● **WHAT TO DO**: Exactly the lines from the line that has "A family takes" through the final line below are to be retyped, and the pictures are not.

● **INFORMATION SHOWN**:
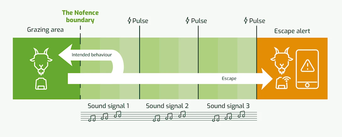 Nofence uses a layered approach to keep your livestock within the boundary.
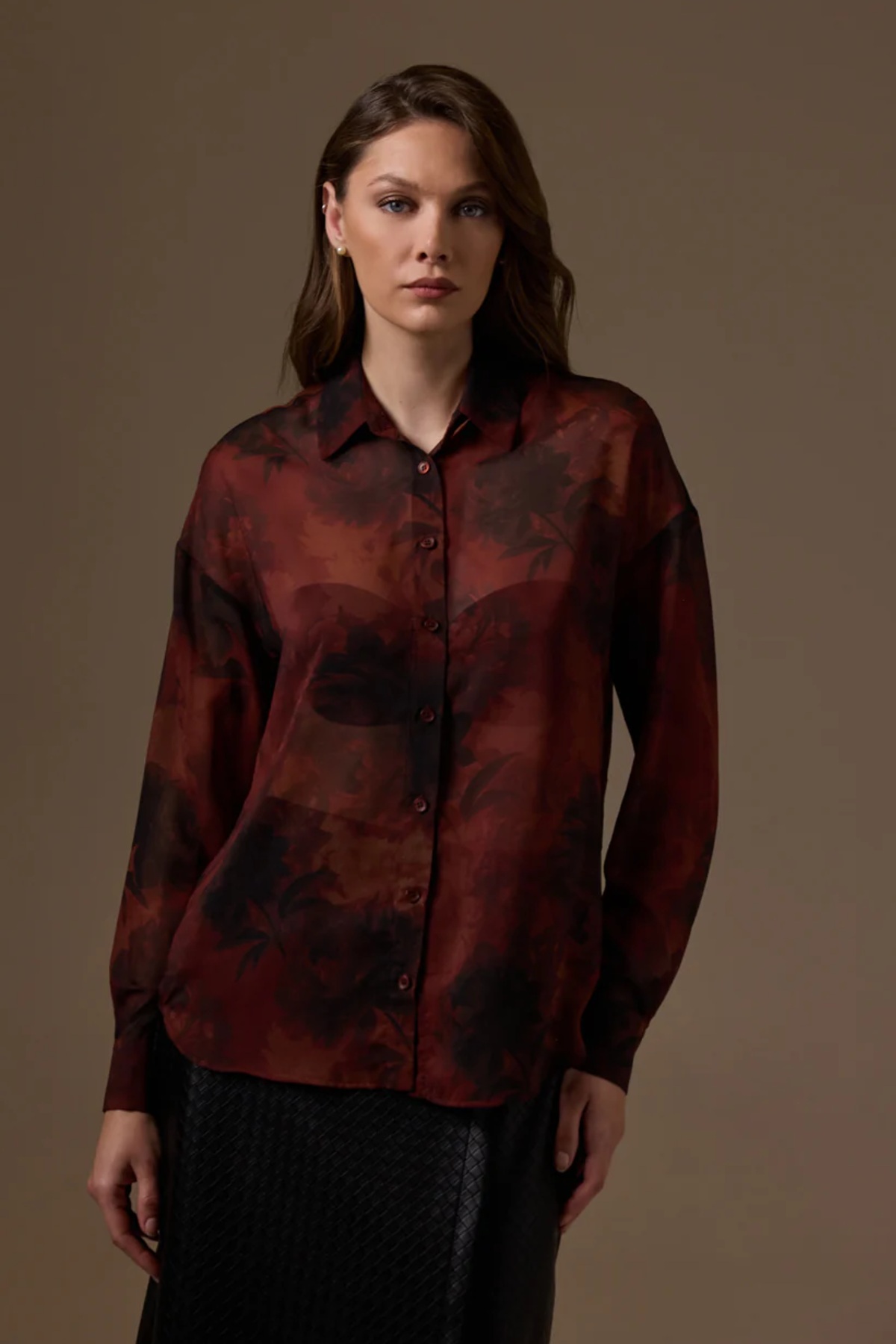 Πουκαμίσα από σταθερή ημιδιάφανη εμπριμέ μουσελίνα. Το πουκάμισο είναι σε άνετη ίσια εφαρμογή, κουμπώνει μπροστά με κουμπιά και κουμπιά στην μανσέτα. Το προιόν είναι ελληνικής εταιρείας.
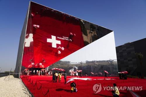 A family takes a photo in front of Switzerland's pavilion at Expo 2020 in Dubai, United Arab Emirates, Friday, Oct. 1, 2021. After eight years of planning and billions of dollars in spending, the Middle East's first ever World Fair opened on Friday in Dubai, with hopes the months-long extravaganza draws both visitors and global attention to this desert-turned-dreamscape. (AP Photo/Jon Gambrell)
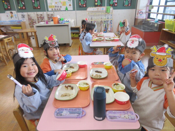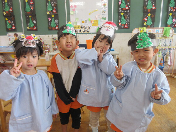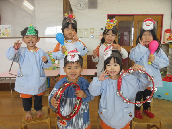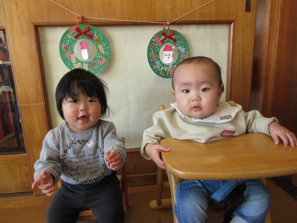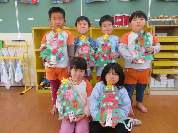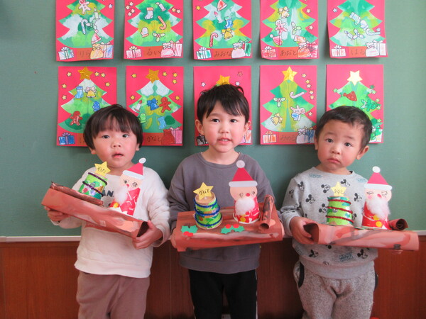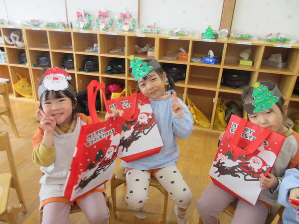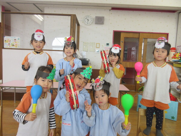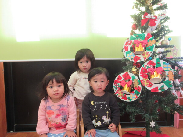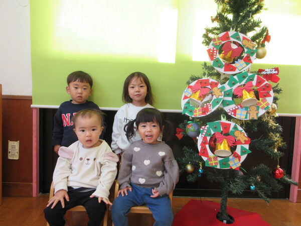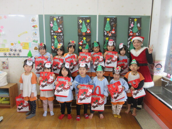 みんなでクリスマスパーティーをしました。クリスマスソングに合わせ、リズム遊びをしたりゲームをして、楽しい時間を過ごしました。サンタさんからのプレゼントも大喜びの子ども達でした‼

● **EXERCISE RESULT**:
 A family takes a photo in front of Switzerland's pavilion at Expo 2020 in Dubai, United Arab Emirates, Friday, Oct. 1, 2021. After eight years of planning and billions of dollars in spending, the Middle East's first ever World Fair opened on Friday in Dubai, with hopes the months-long extravaganza draws both visitors and global attention to this desert-turned-dreamscape. (AP Photo/Jon Gambrell)
 みんなでクリスマスパーティーをしました。クリスマスソングに合わせ、リズム遊びをしたりゲームをして、楽しい時間を過ごしました。サンタさんからのプレゼントも大喜びの子ども達でした‼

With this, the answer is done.